§ **Stored data**:
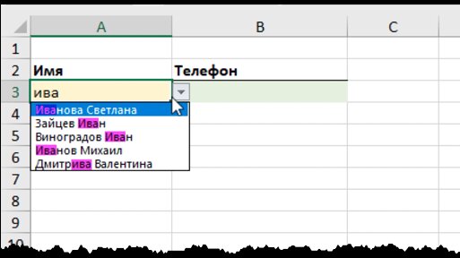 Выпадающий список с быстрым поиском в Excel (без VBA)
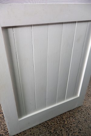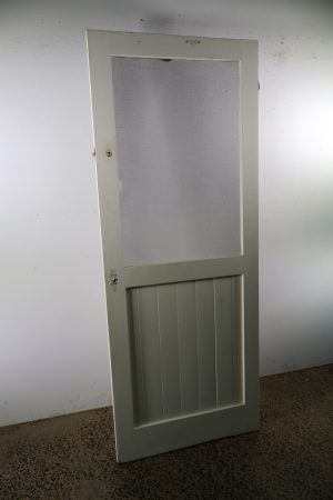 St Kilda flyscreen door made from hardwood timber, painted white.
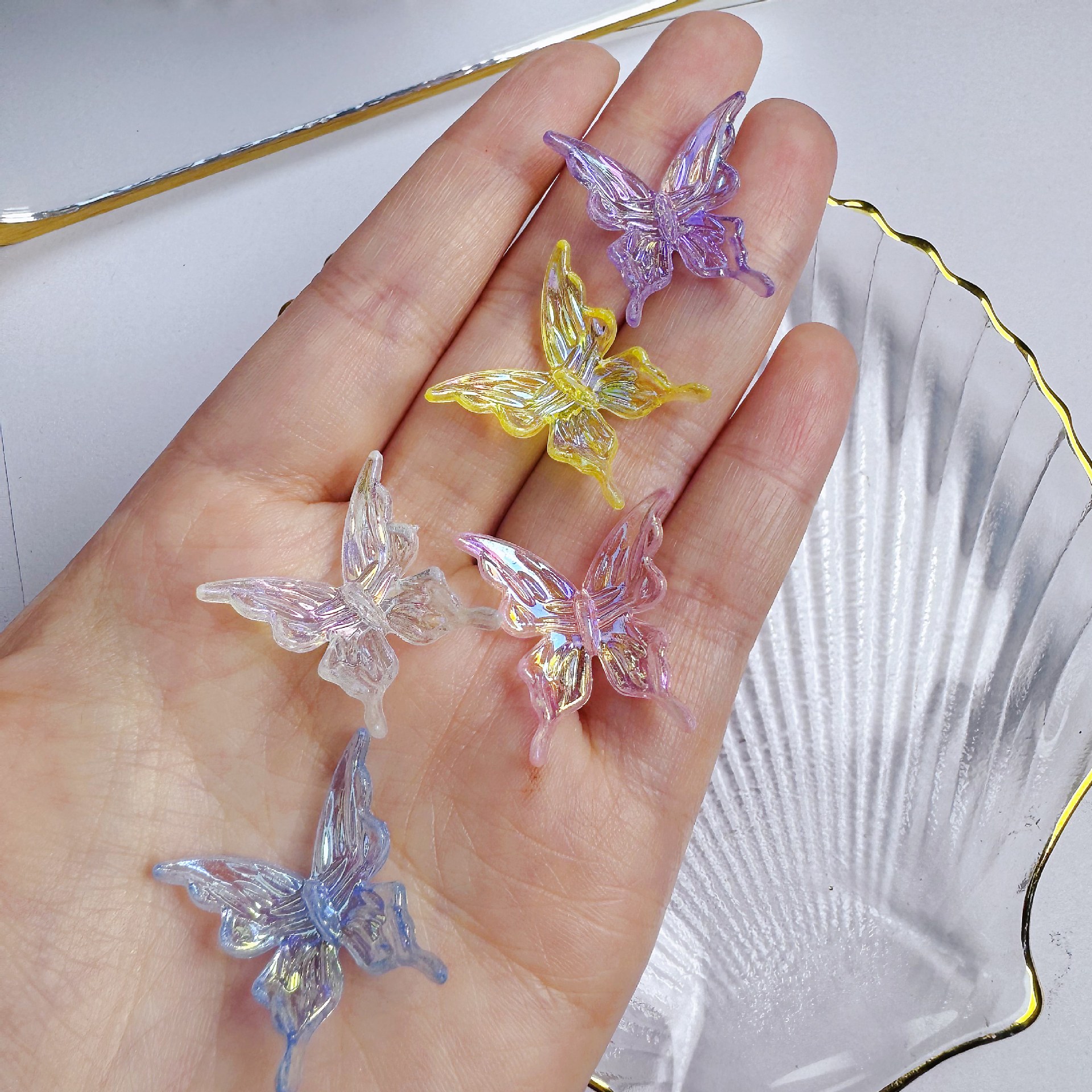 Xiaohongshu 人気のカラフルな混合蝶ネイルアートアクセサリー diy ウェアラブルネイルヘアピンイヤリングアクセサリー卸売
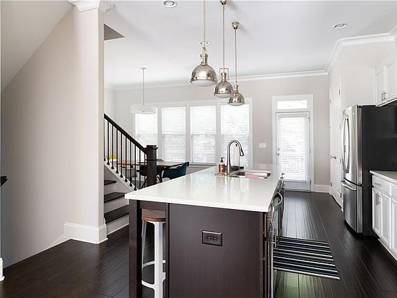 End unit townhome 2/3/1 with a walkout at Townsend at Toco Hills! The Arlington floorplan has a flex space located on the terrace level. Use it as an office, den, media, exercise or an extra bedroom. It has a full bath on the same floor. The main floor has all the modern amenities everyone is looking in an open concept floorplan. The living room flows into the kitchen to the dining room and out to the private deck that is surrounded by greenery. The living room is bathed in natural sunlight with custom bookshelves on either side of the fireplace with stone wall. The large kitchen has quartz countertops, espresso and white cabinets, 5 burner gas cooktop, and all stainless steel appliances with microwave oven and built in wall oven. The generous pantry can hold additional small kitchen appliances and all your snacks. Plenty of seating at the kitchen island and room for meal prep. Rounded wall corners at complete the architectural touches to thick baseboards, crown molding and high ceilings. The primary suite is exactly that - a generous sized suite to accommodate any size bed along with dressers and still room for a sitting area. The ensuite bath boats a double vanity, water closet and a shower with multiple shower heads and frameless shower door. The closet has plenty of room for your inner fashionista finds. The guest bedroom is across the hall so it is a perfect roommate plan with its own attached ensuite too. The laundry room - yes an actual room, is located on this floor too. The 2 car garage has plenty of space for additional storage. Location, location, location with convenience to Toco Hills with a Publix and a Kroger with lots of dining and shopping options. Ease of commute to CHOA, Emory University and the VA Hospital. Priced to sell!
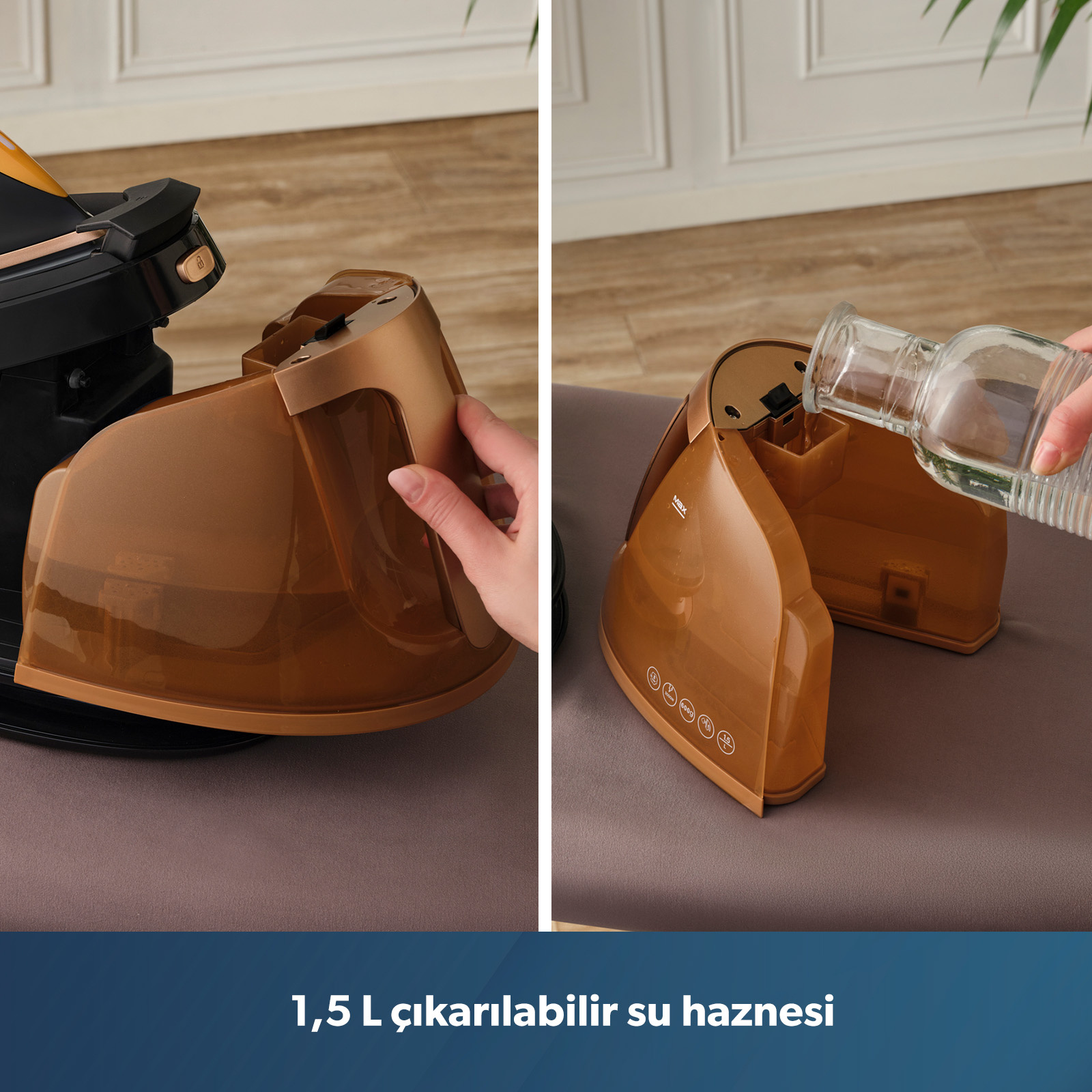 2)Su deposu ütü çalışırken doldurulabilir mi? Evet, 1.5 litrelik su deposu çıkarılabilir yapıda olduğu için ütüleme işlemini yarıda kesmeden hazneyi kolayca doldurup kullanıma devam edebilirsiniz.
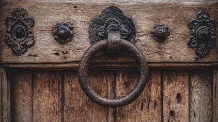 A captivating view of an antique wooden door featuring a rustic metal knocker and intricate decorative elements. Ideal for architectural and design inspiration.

§ **Problem statement**:
Repeat only what lies between the start of the data and the end of the line containing "Xiaohongshu 人気のカラフルな混合蝶ネイルアートアクセサリー diy", exactly, with pictures left out.

§ **The answer**:
 Выпадающий список с быстрым поиском в Excel (без VBA)
 St Kilda flyscreen door made from hardwood timber, painted white.
 Xiaohongshu 人気のカラフルな混合蝶ネイルアートアクセサリー diy ウェアラブルネイルヘアピンイヤリングアクセサリー卸売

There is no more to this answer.